Use the amplification strategy

If you're dealing with a notorious interrupter, you can pair up with a colleague and use the "amplification" strategy, a tactic popular with female White House staffers, whereby a woman makes an important point and another woman emphasizes it and credits it accordingly.

Similarly, Baltimore-based career coach Rachel Andujar recommends developing a "buddy system" in advance. "You and a colleague can stand up for each other's ideas to make sure that they are heard and are validated," she said. Now you're covertly claiming ownership and helping out a colleague. Win-win.

Speak confidently

Take time to think objectively about your delivery. Remember that word choice, tone, and cadence can all undermine your confidence. Jill Jacinto, a millennial career expert at the career and lifestyle site WORKS, recommends paying attention to your volume, clarity, up-speak, and whether you are concise or verbose. (And please don't be the person who starts a statement with, "This may be a bad idea, but..." or, "I could be wrong, but…")

If you're worried the problem may not be what you say but rather how you say it, use a popular media-training technique. Film a mock meeting, and pay attention to any crutches like speaking a mile a minute, pausing frequently, not fully composing your thoughts, or mumbling.

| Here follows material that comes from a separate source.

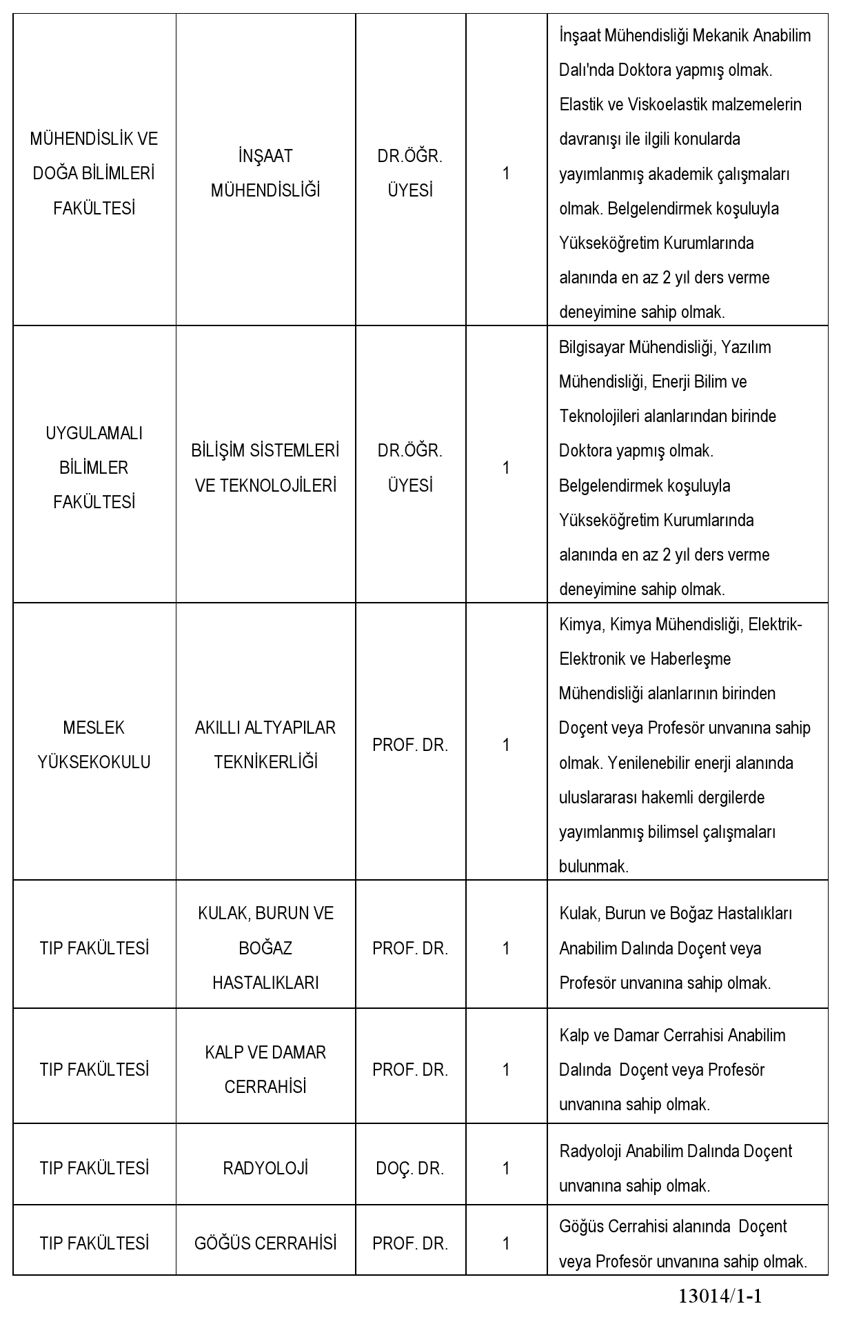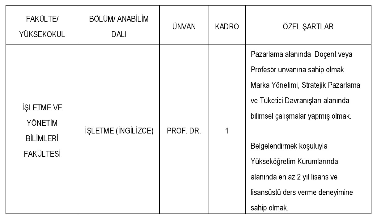 Üniversitemize 2547 sayılı Yükseköğretim Kanunu ve 12.06.2018 tarih ve 30449 sayılı Resmi Gazete'de yayımlanarak yürürlüğe giren "Öğretim Üyeliği Yükseltilme ve Atanma Yönetmeliği'nin" ilgili maddeleri uyarınca aşağıda nitelikleri belirtilen kadrolara Öğretim Üyeleri alınacaktır.

Read more: The script you can use to ask your micromanaging boss for more autonomy at work

Adjust your body language

Your body language doesn't just impact people's perceptions of you — it also impacts how you feel about yourself. Jacinto suggests that you lean in and sit up straight when you're speaking.

Other strategies include striking a high-power pose such as "The Loomer" (put your hands on the table and lean forward a la "House of Cards'" Francis Underwood) or "The CEO" (lean back in your chair and keep your feet firmly planted on the floor). They might not stop someone from interrupting you, but they may just help give you the courage to speak more confidently about the work you're doing.

Having a coworker interrupt conversations constantly is a pain to deal with, but being able to work with all types of personalities is an asset that others will notice.